Vielleicht bekommst Du ja hier auch die Meinung eines echten Fachmannes und kannst Dir daraufhin eine bessere Meinung bilden.

Gruß Siggi


----------



## Sneep (21. Mai 2014)

*AW: forellenteich bauen welsche größe??*

Hallo,

die Behörde möchte ich sehen, die dir für das Vorhaben ein Wasserrecht einträgt.

Der Bach fällt als Fließgewässer unter das Verschlechterungsverbot der Europäischen Wasserrahmen-Richtlinie (WRRL). 
Zumindest wird die Durchgängigkeit des Baches verschlechtert. Dazu kommt u.U. eine Belastung mit Forellenkot aus dem Ablauf.
Da kann man nicht einfach einen Bach durch deinen Teich leiten oder den Bach anstauen. Auch eine Behörde kann das nicht so ohne weiteres. 
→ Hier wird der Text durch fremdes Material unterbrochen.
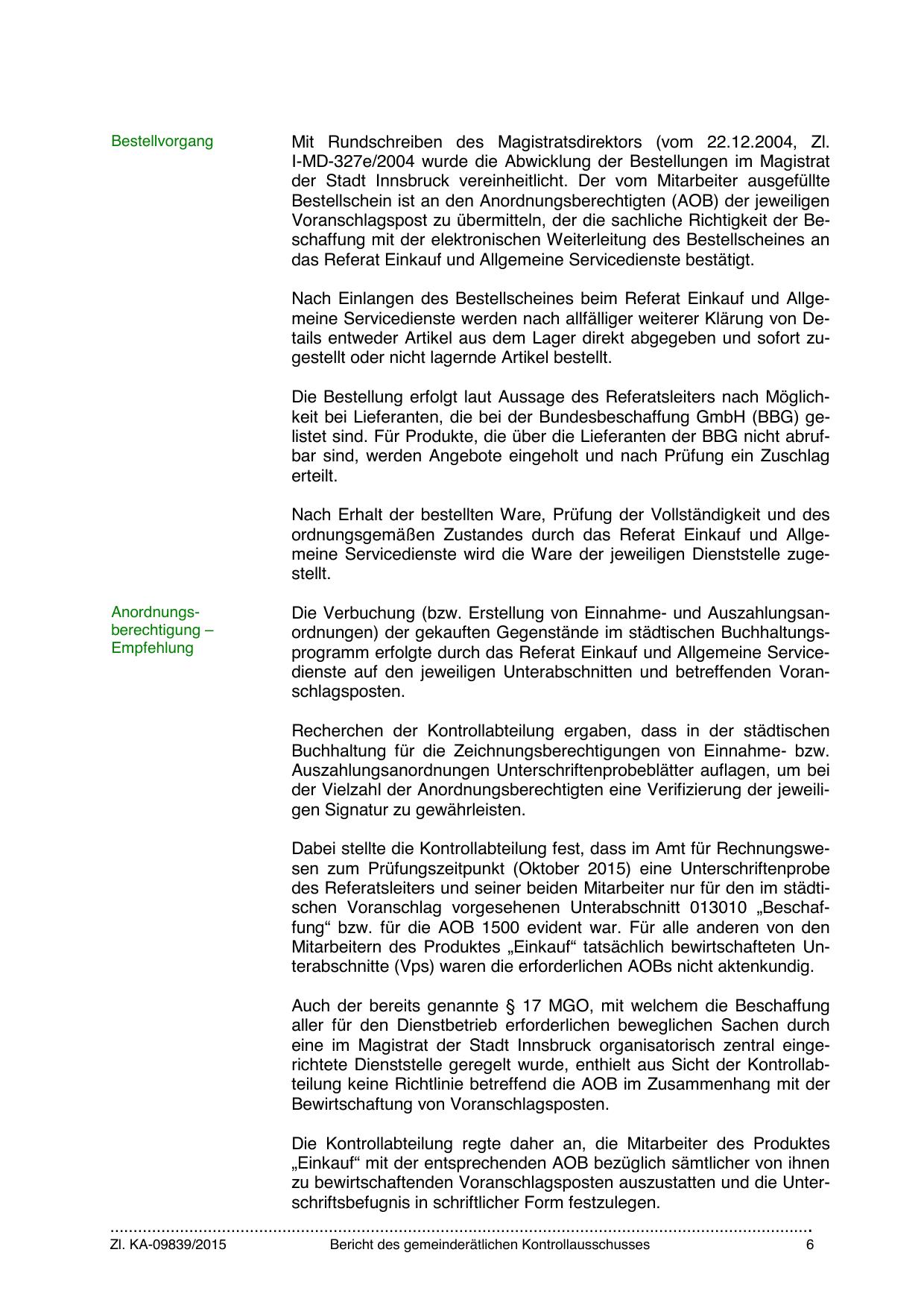 I-MD-327e/2004 wurde die Abwicklung der Bestellungen im Magistrat

Darf man fragen, welche Behörde das genehmigt hat?
Bitte ohne Ortsangabe.

Sneep


----------



## Keine_Ahnung (22. Mai 2014)

*AW: forellenteich bauen welsche größe??*

Genau so ungefähr hatte ich auch auch gedacht als ich gelesen habe "genemigt ist alles!!". Aber es soll ja auch noch Landstriche geben in dennen es einfacher ist. Oder eben Vitamin B.
Man muss es eben glauben, aber wenn in einem Jahr ein neuer Thread "Ich muss meinen Teich zukippen" kommt .......


----------



## Syntac (22. Mai 2014)

*AW: forellenteich bauen welsche größe??*



ezf26 schrieb:


> Hallo ich hab ein garten an dem ein schöner bach fließt!! Nun möchte mir so aus spaß ein teich bauen für forellen sollen so 50 forllen rein wie groß und tief solte ich denn teich machen??
> 
> vorweg
> 
> ...



alle Jahre wieder...

Du solltest den Teich exakt so groß machen, wie er in Deiner Genehmigung bzw. in den technischen Zeichnungen, die als Planung bei der Einreichung des Genehmigungsantrages beilagen, beschrieben ist...... |wavey:

.....falls da wirklich was genehmigt sein sollte...


----------